What the task requires —
Each record below should be reproduced as it is written, with pictures left out entirely.

(Items from a data source)
▶
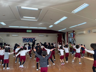 保護者の方との遊びでは、『こままわし、やっ!!』でふれあいを楽しんだり、みんなの遊びでは、『SEAっと体操』をし、海遊館の園外保育に向けて期待をもちながら楽しみました。
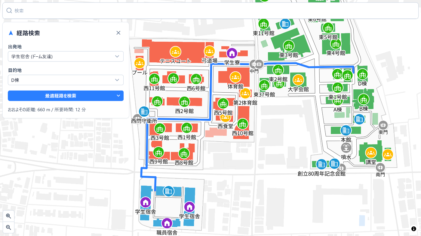 第2世代学内マップでは、A*アルゴリズムによる経路探索機能も組み込みました。遠い建物間であってもおおよその所要時間を計算できるため、移動を始める時刻を見積もる役にも立ちます。また、地区をまたいだ移動では単純な距離に加えて信号待ちが発生するため、数分余裕をもって表示するようになっています。
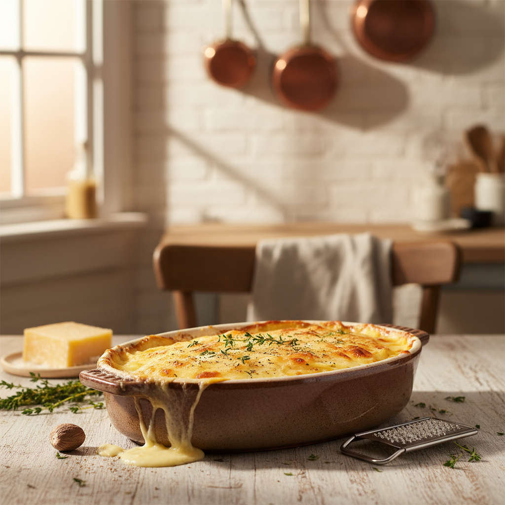 Die klassische Basis lässt sich gezielt erweitern. Gib für eine kräuterige Note einige Zweige frischen Thymian oder Rosmarin zwischen die Kartoffelschichten. Für eine intensivere Würze können dem Gruyère etwa 50 g frisch geriebener Parmesan beigemischt werden. Wer es deftiger mag, kann dünne Speckwürfel oder Schinken zwischen die Schichten geben.
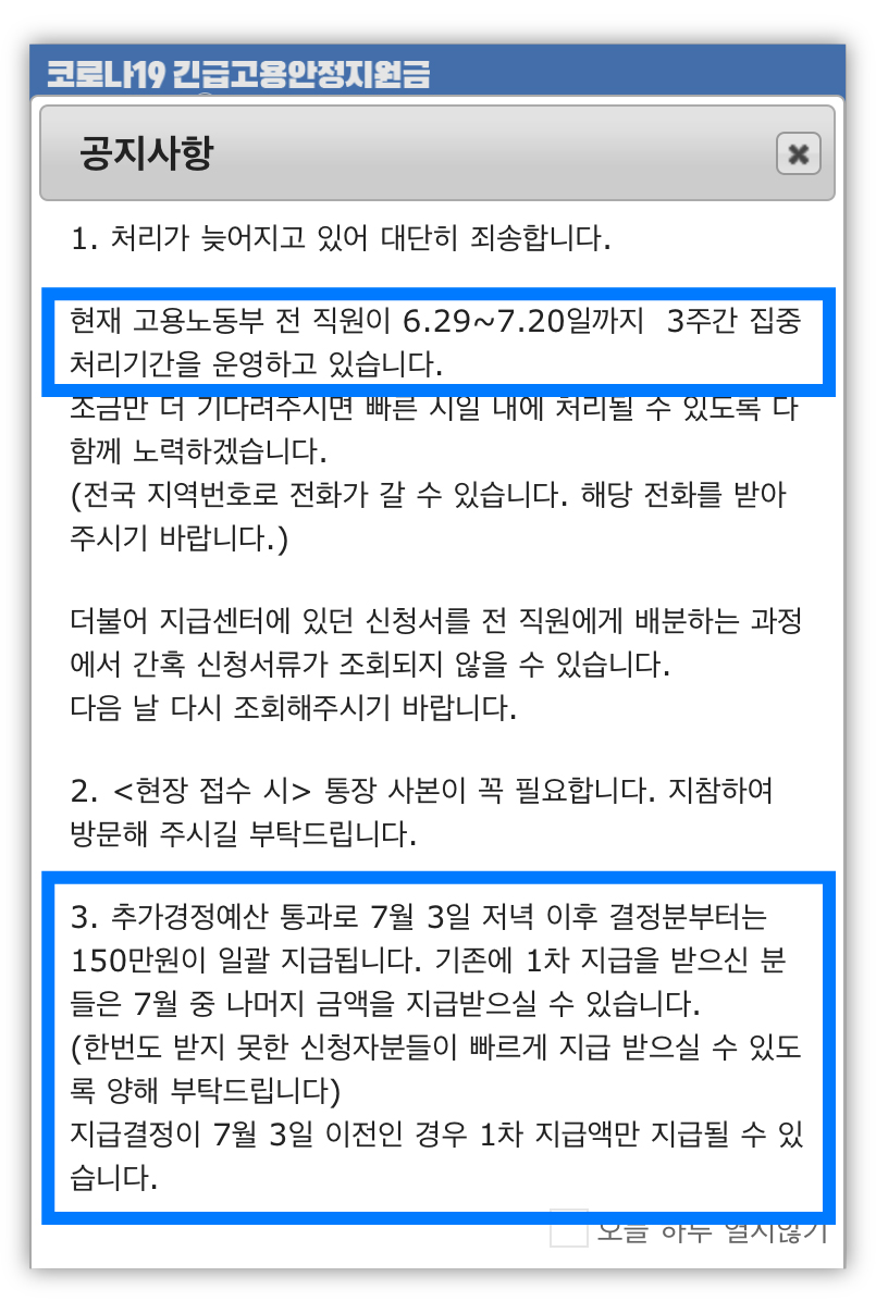 1차 입금을 못 받은 사람도 많으니 7/3이후 지급결정이 완료된 건은 모두 150만원을 한 번에 지급해준다고 한다.
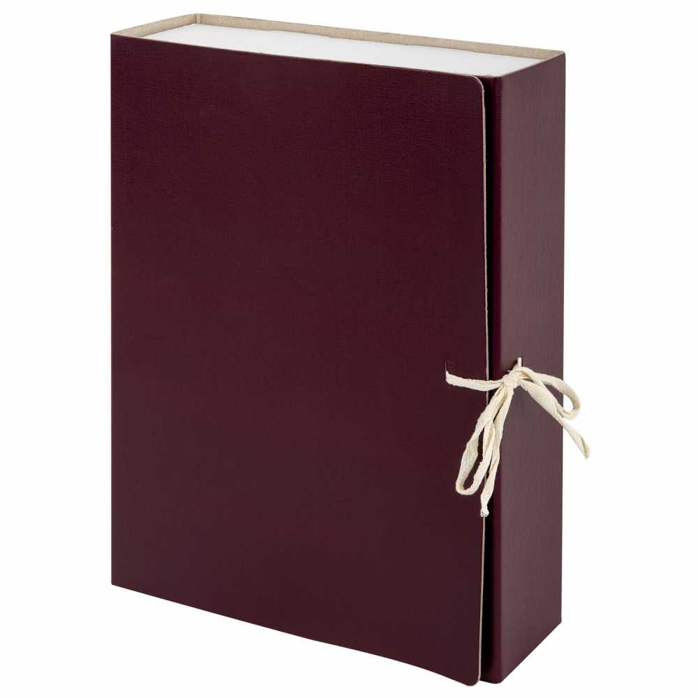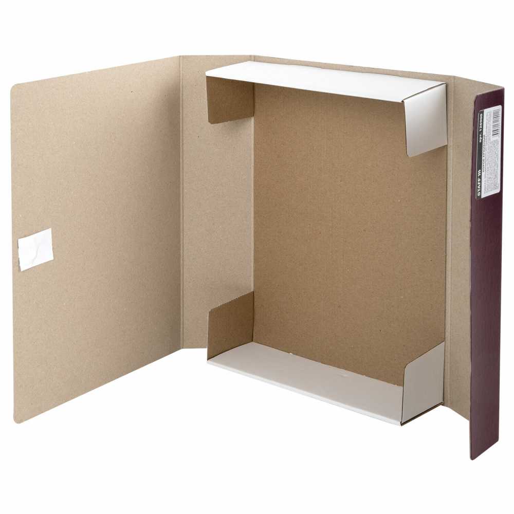 Изготовлен из переплетного картона толщиной 1,5 мм с покрытием бумвинил. Вмещает до 700 листов. Выдерживает до 4 кг. Размер короба - 33x8x24 см. Имеет откидную крышку и 2 хлопчатобумажные завязки. Поставляется в разобранном виде.
◀
Solution below —
 保護者の方との遊びでは、『こままわし、やっ!!』でふれあいを楽しんだり、みんなの遊びでは、『SEAっと体操』をし、海遊館の園外保育に向けて期待をもちながら楽しみました。
 第2世代学内マップでは、A*アルゴリズムによる経路探索機能も組み込みました。遠い建物間であってもおおよその所要時間を計算できるため、移動を始める時刻を見積もる役にも立ちます。また、地区をまたいだ移動では単純な距離に加えて信号待ちが発生するため、数分余裕をもって表示するようになっています。
 Die klassische Basis lässt sich gezielt erweitern. Gib für eine kräuterige Note einige Zweige frischen Thymian oder Rosmarin zwischen die Kartoffelschichten. Für eine intensivere Würze können dem Gruyère etwa 50 g frisch geriebener Parmesan beigemischt werden. Wer es deftiger mag, kann dünne Speckwürfel oder Schinken zwischen die Schichten geben.
 1차 입금을 못 받은 사람도 많으니 7/3이후 지급결정이 완료된 건은 모두 150만원을 한 번에 지급해준다고 한다.
 Изготовлен из переплетного картона толщиной 1,5 мм с покрытием бумвинил. Вмещает до 700 листов. Выдерживает до 4 кг. Размер короба - 33x8x24 см. Имеет откидную крышку и 2 хлопчатобумажные завязки. Поставляется в разобранном виде.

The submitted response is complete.